商用水素ステーションは、現在日本各地で整備が進められています。
燃料電池自動車(FCV)の燃料を補給するため水素ステーションは、「首都圏」「中京圏」「関西圏」「九州圏」の四大都市圏と、四大都市圏を結ぶ幹線沿いを中心に整備が進められ、2021年9月現在全国155箇所の水素ステーションが開業しています。
水素ステーションの設置場所はFCCJ 燃料電池実用化推進協議会 のサイトで確認できます。又トヨタのMIRAI専用T-Connectナビなどで最寄りの水素ステーションを検索することができます。当社が賛助会員となっている燃料電池実用化推進協議会(FCCJ)の活動の一環として運営されている水素エネルギーナビからFCCJの商用水素ステーション情報を閲覧できます。

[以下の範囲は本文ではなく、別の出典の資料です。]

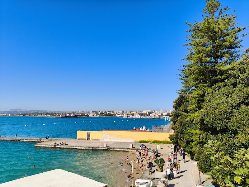 piccola spiaggetta da valorizzare maggiormente e punto di passaggio turistico che si affaccia sul porto grande di Siracusa... accessibile anche per persone disabili... da li vedi un tramonto fantastico..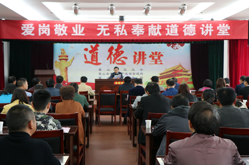此次道德讲堂活动以“爱岗敬业、无私奉献”为主题,通过“听报告、唱歌曲、诵经典、讲故事、谈感悟、送吉祥、做点评”等形式,学习身边模范,品悟道德力量,传播道德种子。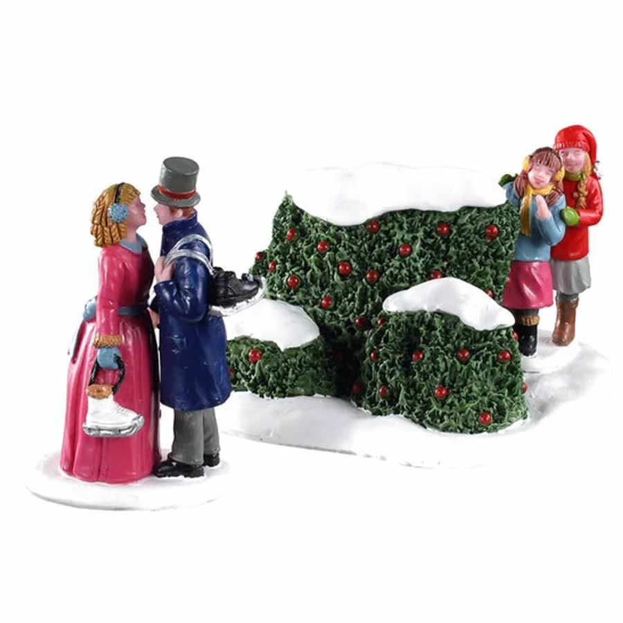 Il set è composto da due pezzi: la coppia di innamorati e le bambine nascoste dietro la siepe.

<参考>一般社団法人 次世代自動車振興センター 水素ステーションの基本的なしくみ

水素ステーションを運営するためには?

水素ステーションの運営には、有資格者の選任(高圧ガス保安監督者)が義務付けられています。高圧ガス保安監督者は、国家試験である高圧ガス製造保安責任者試験(甲種機械/化学、乙種機械/化学、丙種化学のいずれか)の合格が要件となっています。この試験では、法令、保安管理技術、学識の3科目を受験する必要がありますが、高圧ガス保安協会が実施する講習会の過程を終了すると保安管理技術、学識の2科目については受検が免除されます。

世界・日本の水素ステーションロードマップ

中国水素エネルギー連盟が2021年4月21日に開いた第14次五カ年計画水素エネルギー産業発展フォーラムで明らかにしたところによると、2020年末時点の世界の水素ステーション数は約544ヶ所で、中国は128ヶ所を開設しています。又水素燃料電池車の累計保有台数は7000台以上です。

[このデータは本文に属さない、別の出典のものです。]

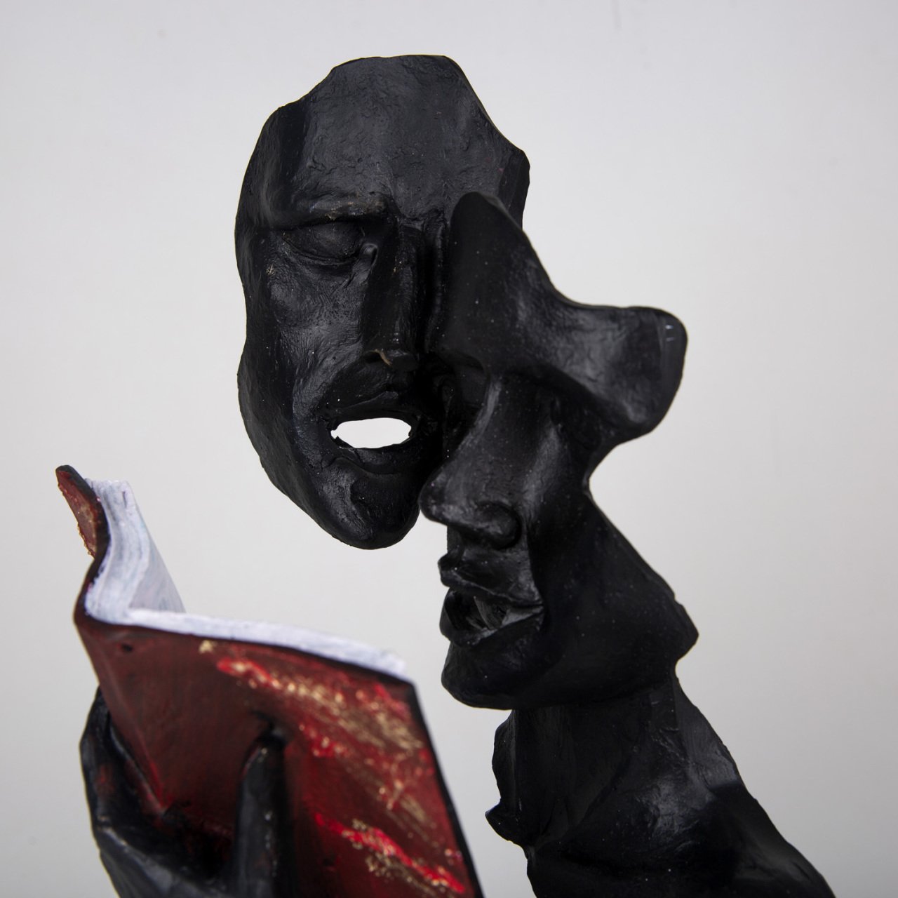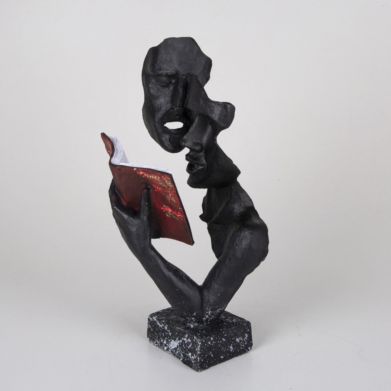 VeraMaya Kitap Okuyan Çift Biblo Siyah 36x20 Cm

アメリカ・カリフォルニア州の水素ステーション建設中期見通しとしては2018年1月26日のEO-B-48-18(州知事令)で2025年水素ステーション200ヵ所、2030年 ZEV500万台普及を指示しました。これを受けてCAFCP(California Fuel Cell Partnership、 民間団体)が2030年FCV100万台、水素ステーション1,000ヵ所の目標を提示しました。これが官民共 通のベンチマークとなっています。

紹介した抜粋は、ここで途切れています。